Description of the task: The lines below, from the one containing "Con el fin de" through the one containing "Tips: The combination", should be set down exactly, with no pictures and nothing else.

####

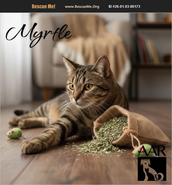 Myrtle is a sweet, timid, young adult cat. She gets along with other cats if they are not intimidating. She likes a nice comfy place to perch on and look out a window. Myrtle does not really like to be held but you can win her over with butt scratches that make her purr and her tail curl into a corkscrew - and Churro treats. If you have some time to get to know Myrtle, or already have another shy cat who needs a friend, come meet this gentle cat to see if she would be a good fit in your home.
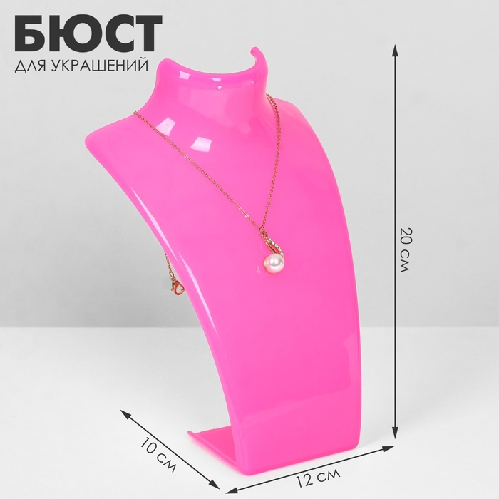Если вы занимаетесь реализацией разнообразных украшений и аксессуаров, то вам нужно наглядно продемонстрировать свой товар, представив его в лучшем виде. Бюст для украшений, 12×10×20 см, цвет розовый как нельзя лучше справится с этой задачей! У каждого украшения появится своё место, откуда его можно будет хорошо рассмотреть.
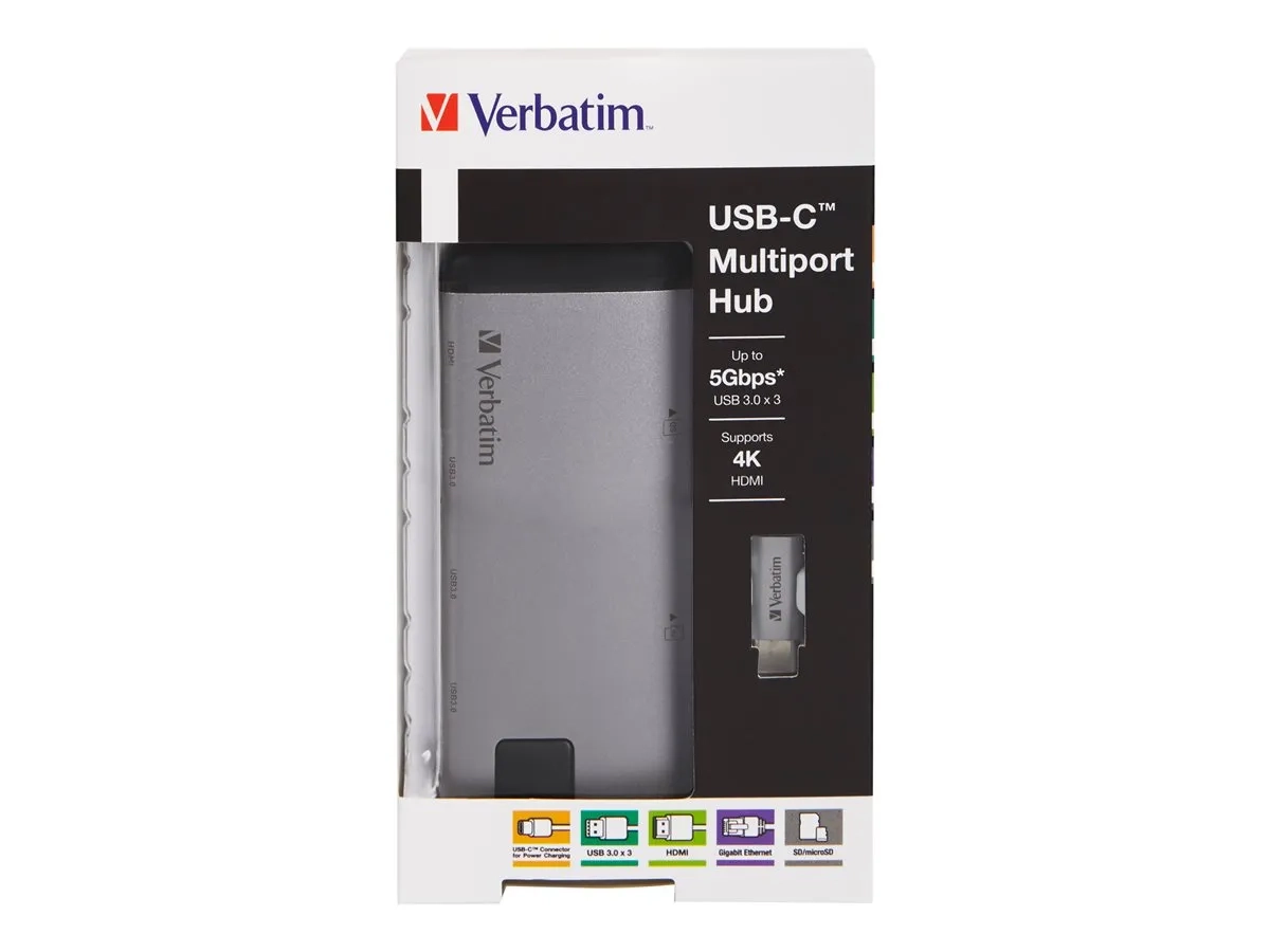 Ce hub multiport USB-C devient le partenaire idéal des ordinateurs portables ultraminces et des MacBooks récents. Les accessoires supplémentaires requièrent des ports dont les ordinateurs portables récents ne disposent pas. Ce hub multiport fournit un port de charge USB-C pour charger votre appareil pendant l'utilisation, un port HDMI pour brancher un écran HDMI ainsi que deux ports USB 3.0 pour brancher tous les accessoires nécessaires et un port Ethernet Gigabit pour se connecter aux réseaux câblés. Vous avez également besoin d'un lecteur de cartes? Sachez que ce hub est aussi muni d'un lecteur de cartes SD/microSD! Branchez le hub dans le port USB-C de votre ordinateur portable pour augmenter instantanément vos possibilités de travail.
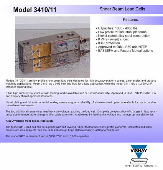 美國Tedea-Huntleigh 3410-1500LB稱重傳感器描述:
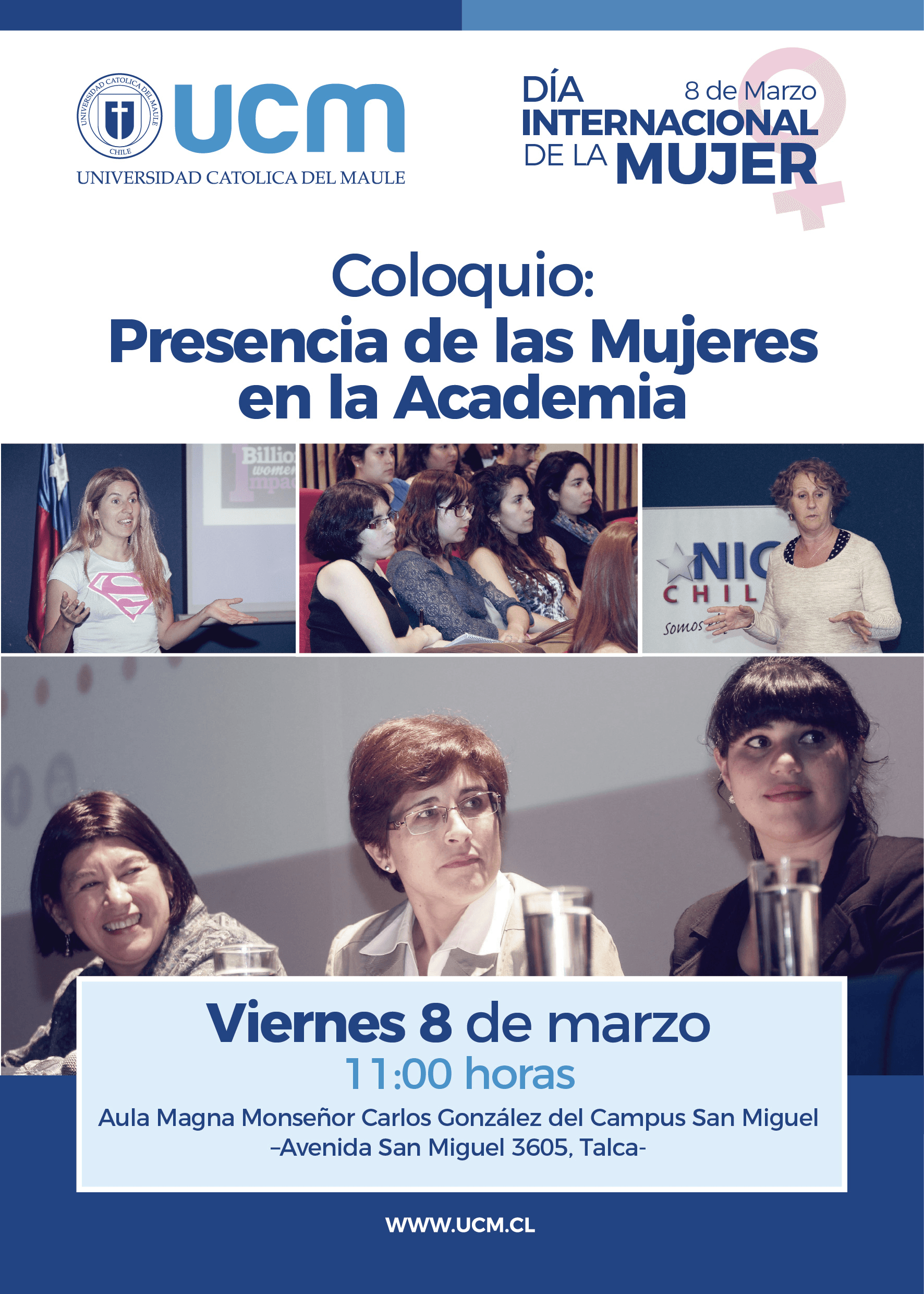 Con el fin de visualizar el aporte que han realizado las mujeres en el desarrollo de la ciencia y la academia, en el marco de la conmemoración del Día Internacional de la Mujer, es que la Universidad Católica del Maule invita a la comunidad a participar del Coloquio “Presencia de las Mujeres en la Academia”, actividad que se llevará a cabo el viernes 8 de marzo a las 11:00 horas en el Aula Magna Monseñor Carlos González del Campus San Miguel en Talca.
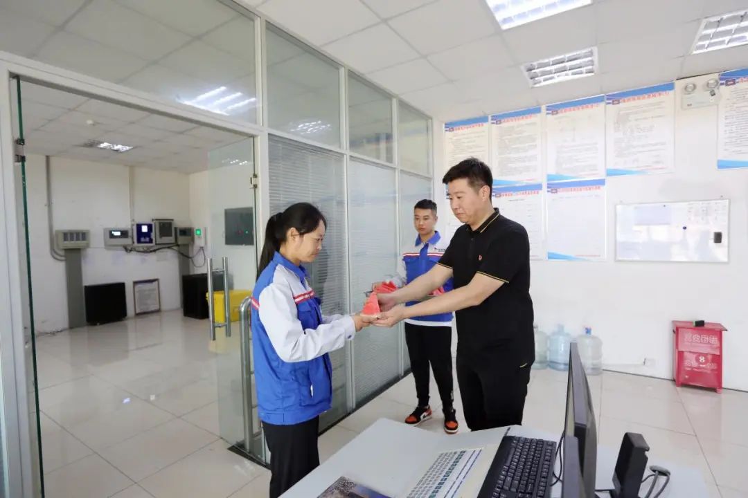 活動結(jié)束后,港區(qū)相關(guān)負(fù)責(zé)人將西瓜送至各單位一線在崗員工,為他們解暑降溫、鼓舞干勁。
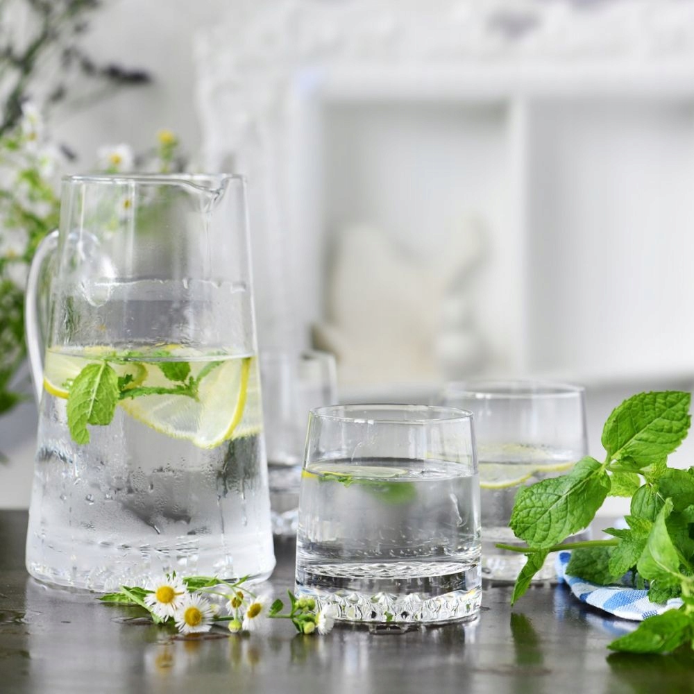 Komplet do wody Fjord to kwintesencja nowoczesnego designu i funkcjonalności. Zestaw składający się z dzbanka i sześciu szklanek, wyróżnia się elegancką formą i efektem lodowej struktury w dnie, który przyciąga wzrok. To doskonały wybór, by nadać każdemu posiłkowi wyjątkowego charakteru oraz by uczynić każdą chwilę przyjemnością. Idealny zarówno na codzienne użycie, jak i jako elegancki element wystroju stołu podczas specjalnych okazji.
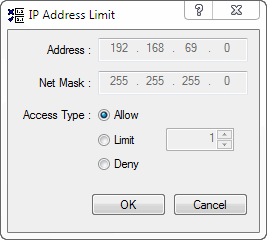 Tips: The combination of the Address and Net mask fields allows the user to allow or block both specific TCP/IP address and entire subnets.
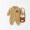 Mameluco para bebé otoño e invierno algodón acolchado bebé niño para salir ropa de algodón recién nacido versión coreana invierno más terciopelo cálido ropa para gatear con bufanda
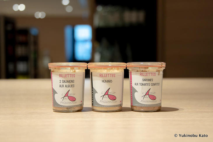 ・Atelier du Poissonnierの魚介リエット(イワシまたはサケ6.70ユーロ、オマール11.90ユーロ)
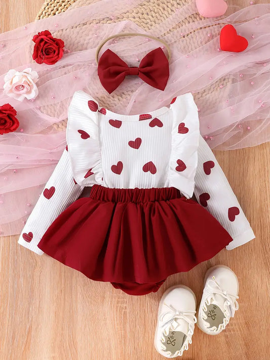 Ensemble combinaison et bandeau pour bébé fille à imprimé cœurs | Tenue douillette pour le printemps et l'automne
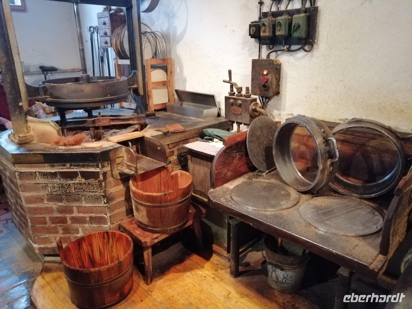 Anschließend besuchten wir die Ölmühle, in der seit Dezember 1995 wieder Leinöl hergestellt wird. Die Produktion erfolgt wie vor 100 Jahren, nach "Müller Nitschkes Art". Durch das "Rösten" des Leinsamenschrotes entsteht der milde, leicht nussiger Geschmack, der dem Straupitzer Öl eine besondere Note verleiht. Der sehr engagierte Müller erzählte uns viel Wissenswertes und spannendes zum Thema Leinöl und wir durften das Straupitzer Gold auch verkosten.
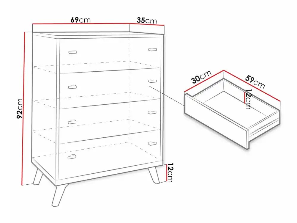 En: 69 cm, Hündürlük: 92 cm, Dərinlik: 35 cm
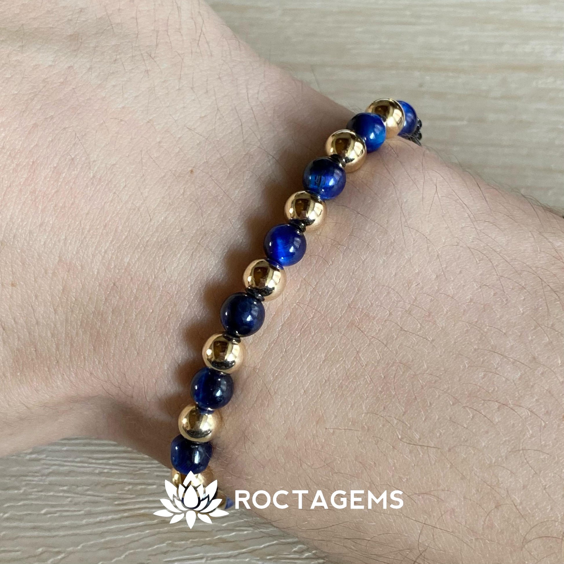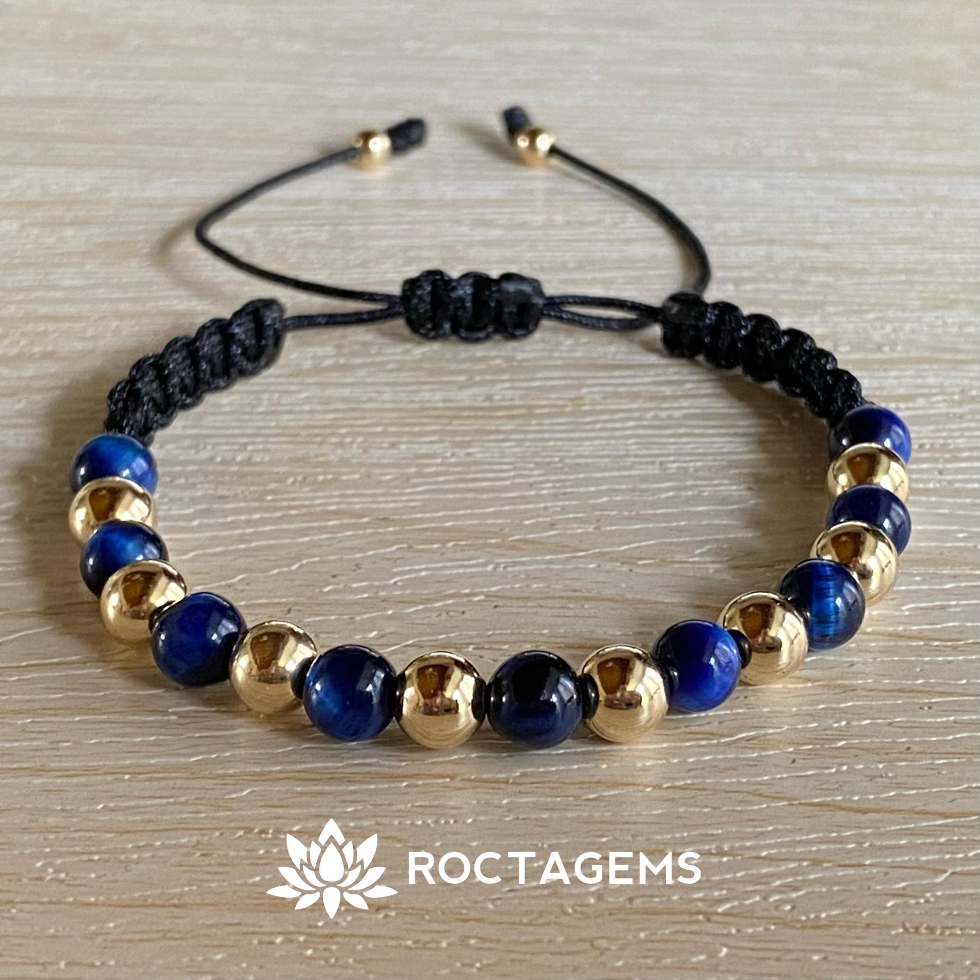 🔅Pulsera elaborada por 8 balines lisos de 6mm en oro laminado 18k y 9 piedras ojo de tigre azul 100% naturales.
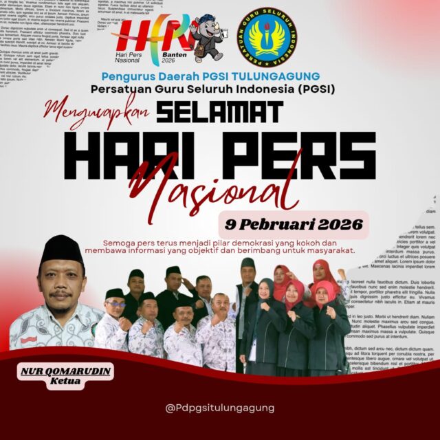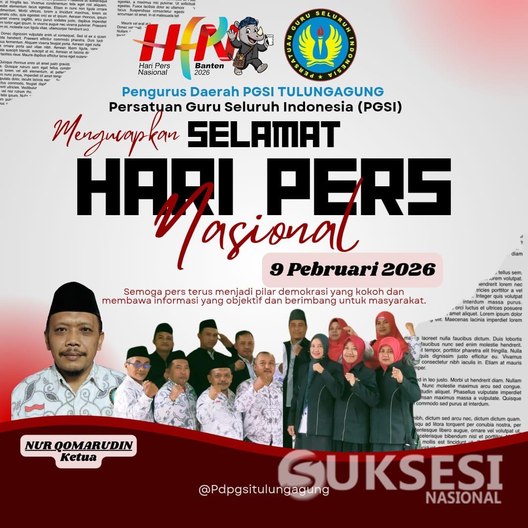 Beranda HeadlineHeadlineTulungagungPGSI (Persatuan Guru Seluruh Indonesia)Penulis Redaksi - Minggu, 1 Februari 2026, 17:18 WIB Mengucapkan selamat Hari Pers Nasional 9 Februari 2026Baca Juga : Kapolda Pimpin Sertijab Enam PJU dan Tiga Kapolres Jajaran Polda Jatim
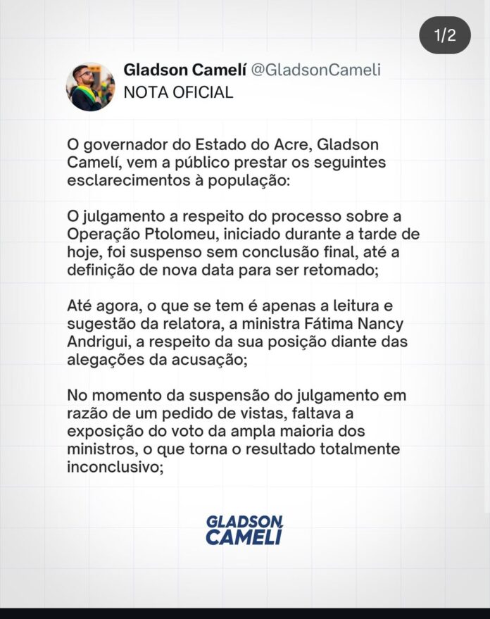 O governador do Estado do Acre, Gladson Camelí, vem a público prestar os seguintes esclarecimentos à população:
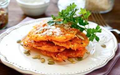 Симпатичні, легкого помаранчевого кольору — такими будуть гарбузово-картопляні деруни. Для того щоб деруни з гарбуза та картоплі мали ніжну текстуру, додамо трохи тертого твердого сиру.
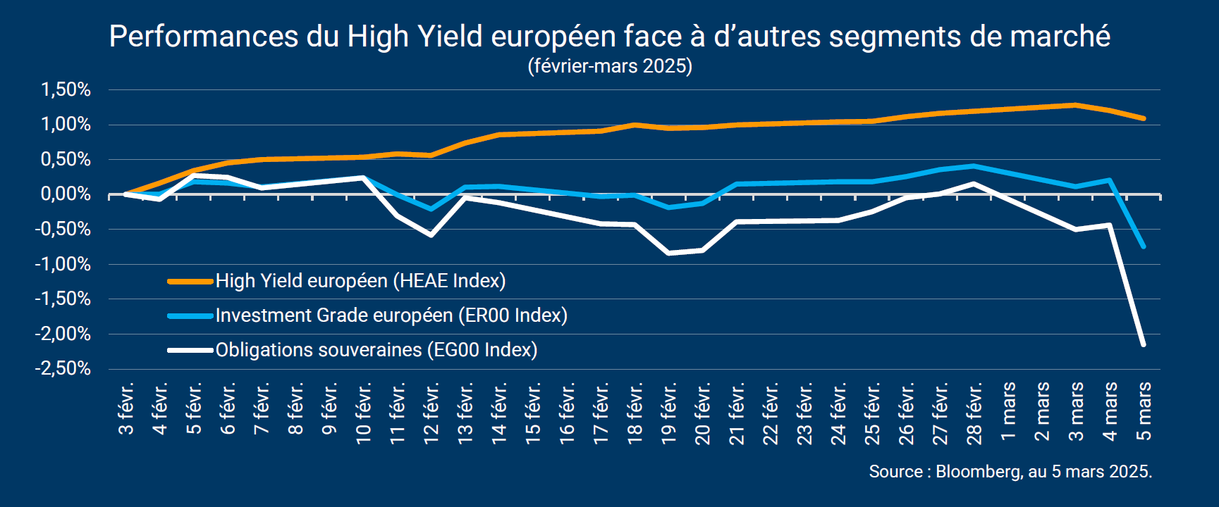 Le mouvement du 5 mars a permis d’illustrer la capacité de résistance du segment High Yield face à certains chocs. Ce marché a notamment bénéficié ici de la courte maturité moyenne des titres qui le composent (inférieure à 4 ans actuellement), ce qui le rend relativement peu sensible au risque de hausse des taux. À l’inverse, d’autres segments y sont plus exposés, car constitués de titres de maturités plus longues.
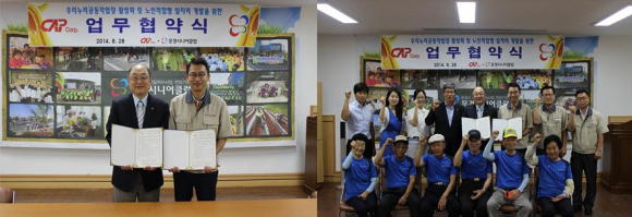 문경시니어클럽(관장 김정부)과 주식회사 캐프(대표 김영호)는 28일 10시 문경시니어클럽 회의실에서 노인적합형 일자리 개발 및 공동작업장 활성화를 위한 업무협약(MOU)식을 가졌다.
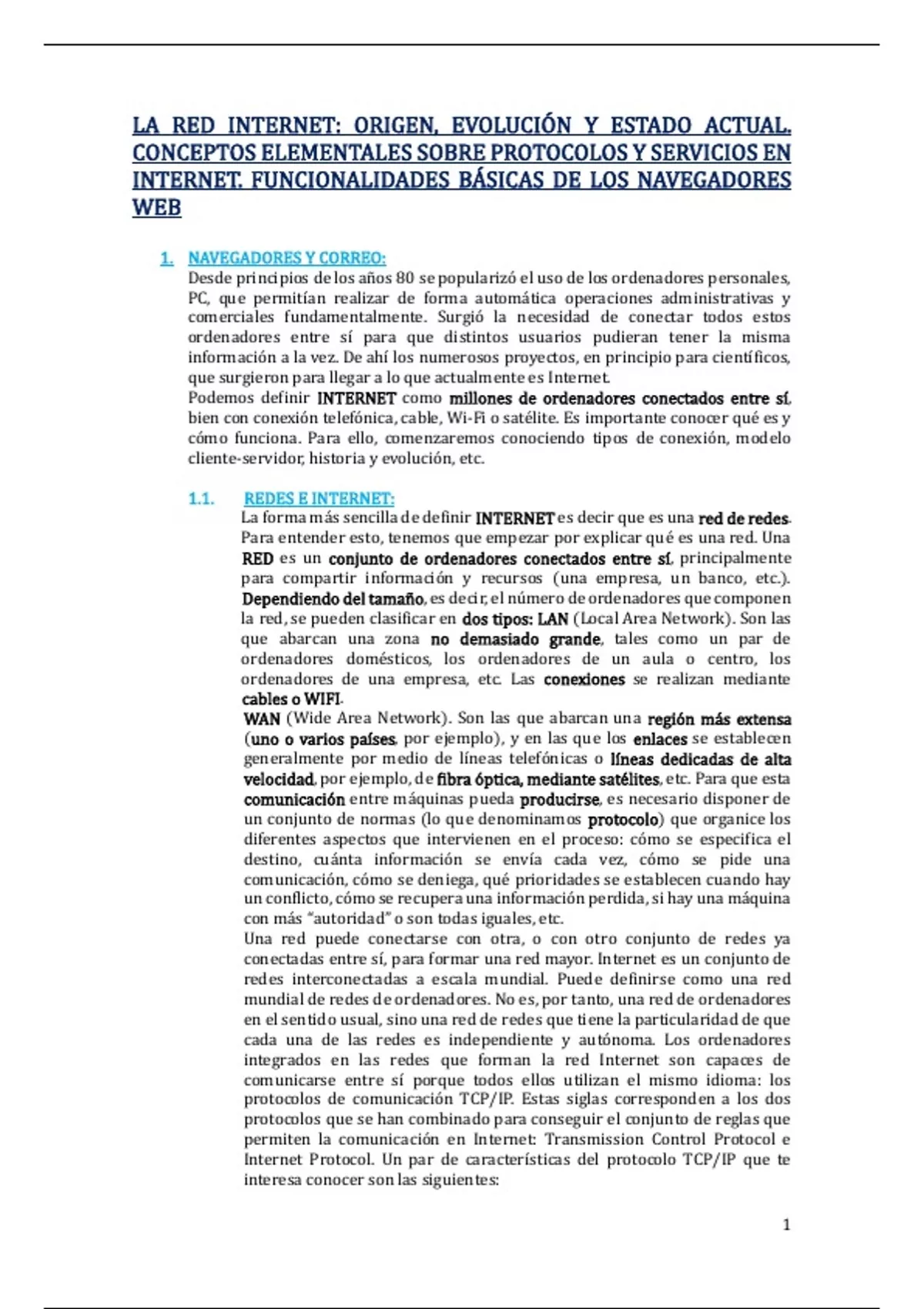 LA RED INTERNET: ORIGEN, EVOLUCIÓN Y ESTADO ACTUAL.

####

Written response:
 Con el fin de visualizar el aporte que han realizado las mujeres en el desarrollo de la ciencia y la academia, en el marco de la conmemoración del Día Internacional de la Mujer, es que la Universidad Católica del Maule invita a la comunidad a participar del Coloquio “Presencia de las Mujeres en la Academia”, actividad que se llevará a cabo el viernes 8 de marzo a las 11:00 horas en el Aula Magna Monseñor Carlos González del Campus San Miguel en Talca.
 活動結(jié)束后,港區(qū)相關(guān)負(fù)責(zé)人將西瓜送至各單位一線在崗員工,為他們解暑降溫、鼓舞干勁。
 Komplet do wody Fjord to kwintesencja nowoczesnego designu i funkcjonalności. Zestaw składający się z dzbanka i sześciu szklanek, wyróżnia się elegancką formą i efektem lodowej struktury w dnie, który przyciąga wzrok. To doskonały wybór, by nadać każdemu posiłkowi wyjątkowego charakteru oraz by uczynić każdą chwilę przyjemnością. Idealny zarówno na codzienne użycie, jak i jako elegancki element wystroju stołu podczas specjalnych okazji.
 Tips: The combination of the Address and Net mask fields allows the user to allow or block both specific TCP/IP address and entire subnets.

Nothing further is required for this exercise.